NANETS2022 15th Annual Multidisciplinary NET Medical Symposium NANETS 2022 Population Science (10 abstracts)
Creighton University School of Medicine, Omaha NE.
Background: Islet cell carcinomas are low-grade tumors originating from the islets of Langerhans. Despite the indolent nature of these tumors, metastasis is often detected upon initial diagnosis, at which point the mean survival is approximately 2 years. In this study, we aim to investigate disparities that exist in these patients and how facility variables, patient demographics, and palliative care (PC) utilization contribute to differences in survival outcomes.

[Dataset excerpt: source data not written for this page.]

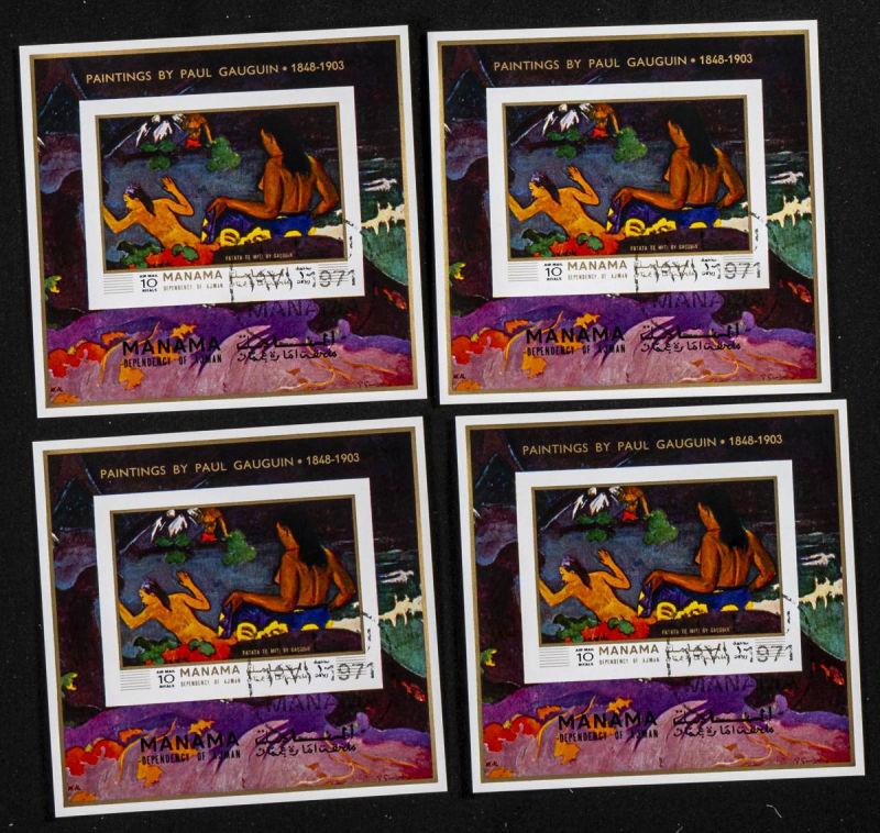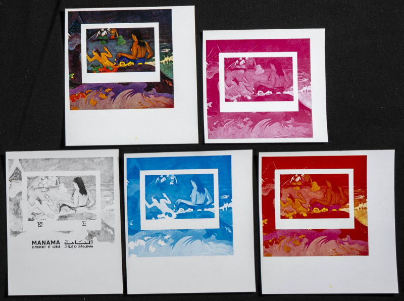 |**|1972. Gaugin painting. Group of progressive plate proofs of the set. (Michel: B169). TO EXAM. Description of lots is limited to the cataloguing of the stamps and their characteristics. The total of the material included in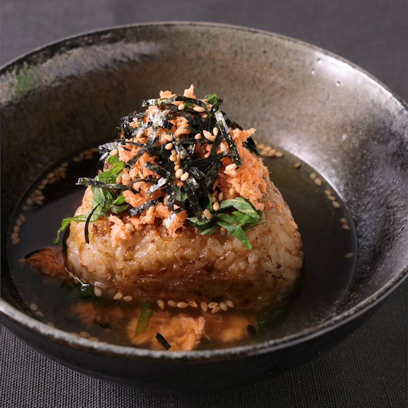 だしが決めて!焼きおにぎりの鮭茶漬け。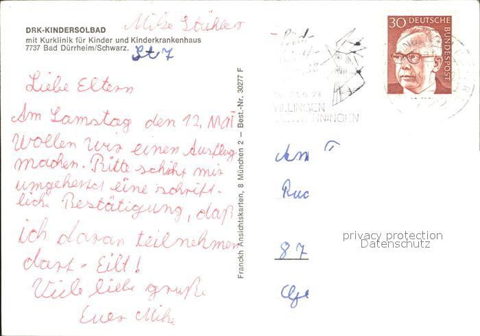 72464511 alte Postkarte Bad Duerrheim Kinderheilstaette Kurklinik Speisesaal Spielplatz Hallenbad postalisch gelaufen Erhaltung siehe scans KatCode: 11110008326003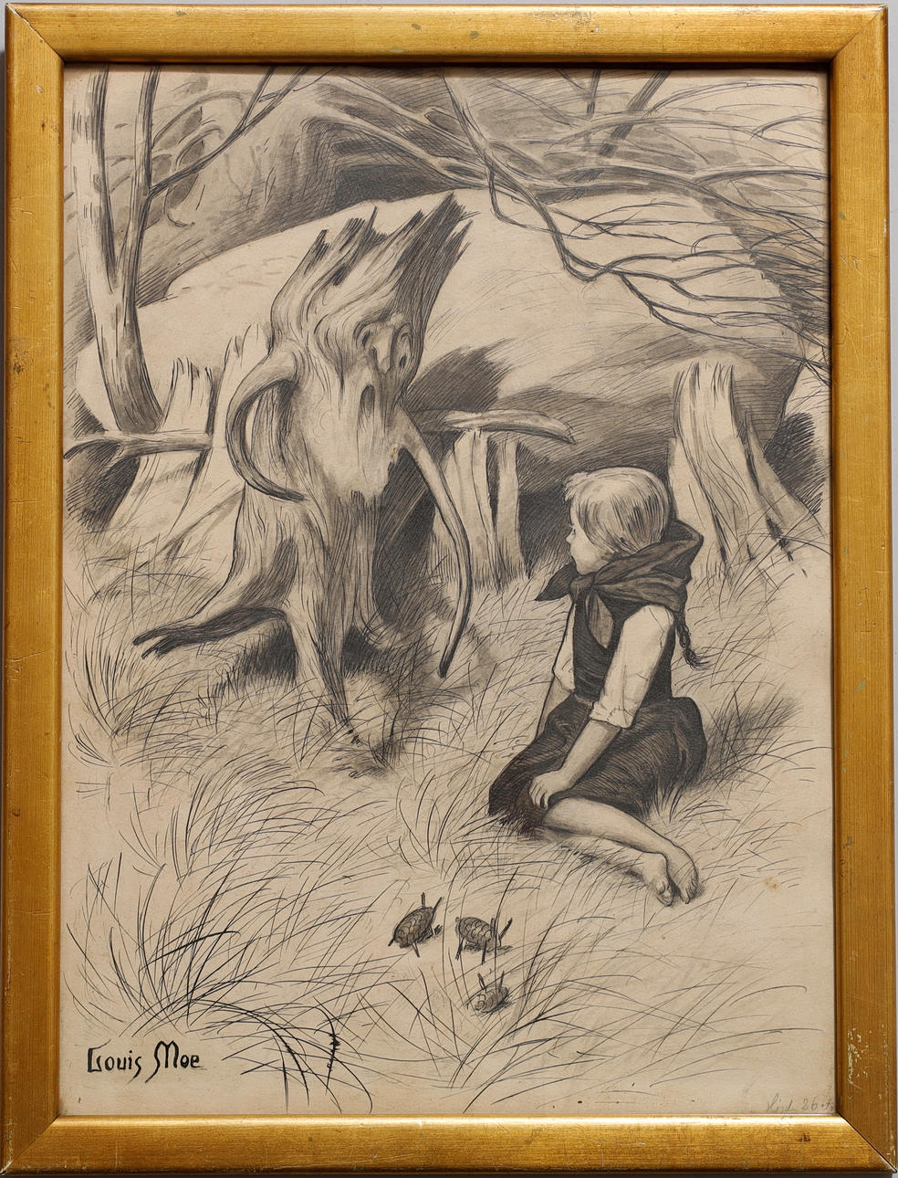 Drawing by Louis Moe (1857-1945), signed.

Methods: We used the National Cancer Database to identify patients diagnosed with islet cell carcinoma (ICD-O-3 histology code 8150/3) between 2004-2019 (n=2364). Differences in socioeconomic factors were determined using Pearsons chi-squared test with post-hoc Bonferroni adjustment. Survival was evaluated using Kaplan-Meier curves, log-rank tests, and Cox proportional hazards modeling.

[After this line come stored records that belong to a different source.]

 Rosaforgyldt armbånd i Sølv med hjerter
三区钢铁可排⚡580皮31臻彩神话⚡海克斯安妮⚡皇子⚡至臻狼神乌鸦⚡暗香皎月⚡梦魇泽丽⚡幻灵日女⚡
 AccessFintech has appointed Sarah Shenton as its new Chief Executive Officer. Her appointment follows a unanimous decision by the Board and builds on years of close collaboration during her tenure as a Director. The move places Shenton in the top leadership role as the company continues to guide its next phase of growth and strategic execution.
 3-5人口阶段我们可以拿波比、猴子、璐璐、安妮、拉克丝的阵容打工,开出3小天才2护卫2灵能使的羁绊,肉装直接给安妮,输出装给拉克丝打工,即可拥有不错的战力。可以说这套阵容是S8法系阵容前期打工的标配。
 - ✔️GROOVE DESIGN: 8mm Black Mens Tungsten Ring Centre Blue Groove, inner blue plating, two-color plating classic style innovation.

Results: The mean age of diagnosis was 59 years, with older individuals having worse average survival outcomes (84 months) than their younger counterparts (126 months). Male participants on average also had worse survival outcomes (109 months) than females (121 months). The average Charlson-Deyo score was 0.38±0.70. Pearsons chi-squared analysis demonstrated that those with Medicaid were less likely to be White (P<0.001). Furthermore, those with Medicaid were more likely to receive care at community cancer centers (P<0.001). Most of the cohort was treated at academic/research facilities (50.5%), followed by community centers (21.6%) and integrated network programs (16.6%). Academic/research facilities had the highest overall mean survival (123 months) compared to the other two programs (79 and 105 months, respectively). Patients who lived in metropolitan counties (defined by population size) had better mean survival outcomes (115 months), though patients who traveled further for care had consistently better survival outcomes (P<0.001). Patients who received PC for symptom management had worse survival outcomes than those who did not (P<0.001). After adjusting for all other variables, Cox proportional hazard ratios remained significant for age (P<0.001), race (P=0.013), and PC utilization (P<0.001).

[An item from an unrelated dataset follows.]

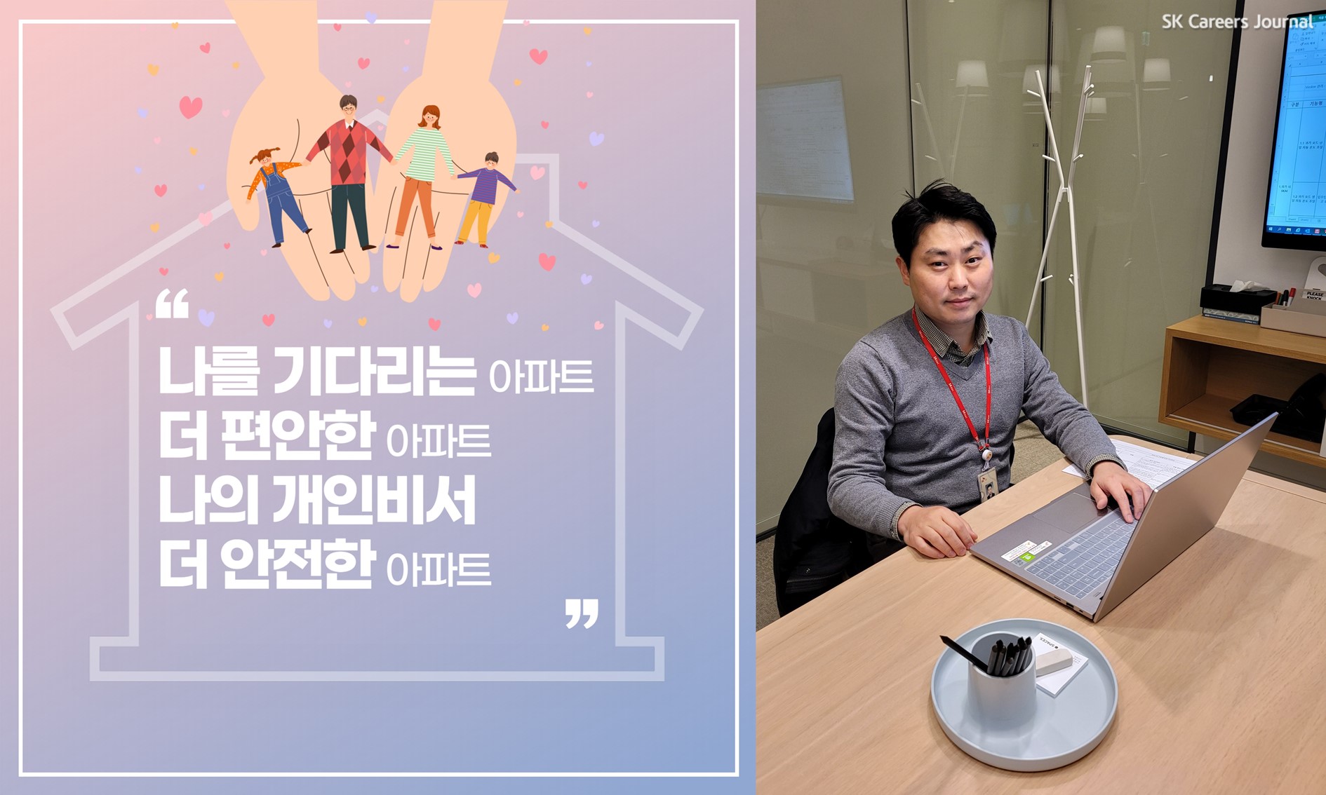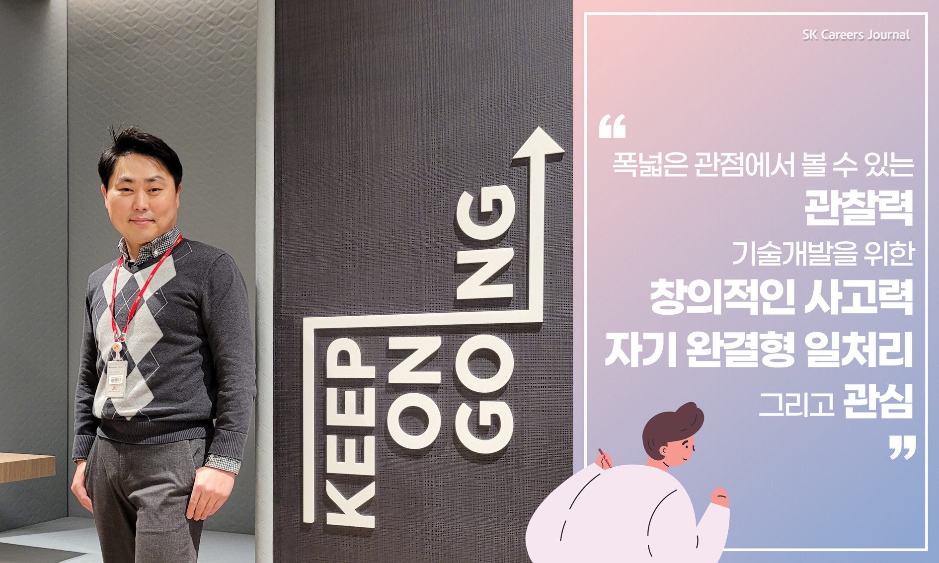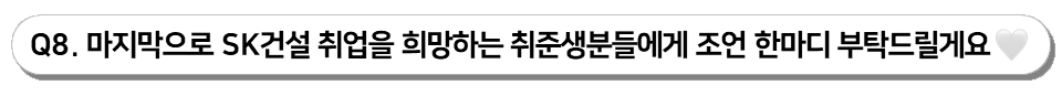 지금까지 SK건설에서 SK VIEW 상품개발을 책임지는 양승백 프로님의 이야기를 들어봤습니다. 어떠셨나요? 업무에 대한 뜨거운 열정과 고객을 생각하는 마음을 고스란히 담은 인터뷰가 아니었나 싶은데요. 기전기술팀의 필수 역량 4가지로 관찰력, 창의적 사고력, 자기 완결형 일처리, 그리고 자신의 관심분야와 세상에 대한 끊임없는 관심이 중요하다는 프로님의 말씀을 꼭 명심하시길 바랍니다!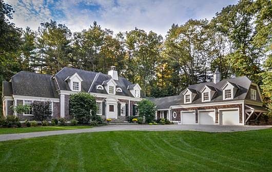 This custom-designed shingle-style home has it all. With white ash floors throughout the home and custom features around every corner, this home is not to be missed. The gracious foyer has barreled ceiling and leads step-down into the great room. Expansive bluestone fireplace with custom cypress mantel and paneling is a feature of this gorgeous room that was designed by William Lawrence Bottomley. Radiant heated floors & wet bar add to this fantastic entertaining space. Solid cherry custom built-ins with bluestone fireplace in library add to the unique sophistication of this home. Chef's kitchen with large Viking range, Sub-Zero refrigerator, farmhouse apron sink, honed granite counters, enormous island and large eat-in area provide the blueprint for family dinners and warm gatherings. First floor master suite has cathedral ceilings, custom built in office nook, marble bath, and attached laundry.Second floor main level has two beautifully designed en suite bed rooms. Side entry has wide hall/mudroom with wrapping room. Additional guest quarters over three-car (new mahogany door) garage includes two bedrooms, full marble bath & large office (could be used as bonus, art or game room). Media room in basement has custom tobacco wood bar, wine room and rustic decor. Gym is well positioned for great workouts with space for a variety of large equipment pieces. Backyard features grass tennis court and/or baseball infield and curated gardens with expansive bluestone fire pit patio. Deck with hot tub overlooks natural woodlands. Enjoy all that Medfield has to offer from its top school system, charming town center, community activities an small town feel.

Variable | Hazard Ratio (95% CI) | P-value | ||
Age | Youth (14-47 years) | 1 (Reference) | ||
Middle-Aged (48-64) | 1.35 (1.04-1.76) | 0.024 | ||
Elderly (>65) | 2.67 (1.96-3.63) | <0.001 | ||
Race | White | 1 (Reference) | ||
Black | 0.84 (0.62-1.15) | 0.278 | ||
Asian | 2.94 (1.31-6.60) | 0.009 | ||
Palliative Care Utilization | None | 1 (Reference) | ||
Chemotherapy, Hormone Therapy, or Other Systemic Drug | 3.97 (1.29-12.27) | 0.017 |
Conclusion: Factors associated with increased survival include younger age, female sex, higher income, private insurance, receiving care at an academic/research facility, and not utilizing PC. These findings contribute to a developing understanding of disparities that impact survival outcomes of islet cell carcinoma.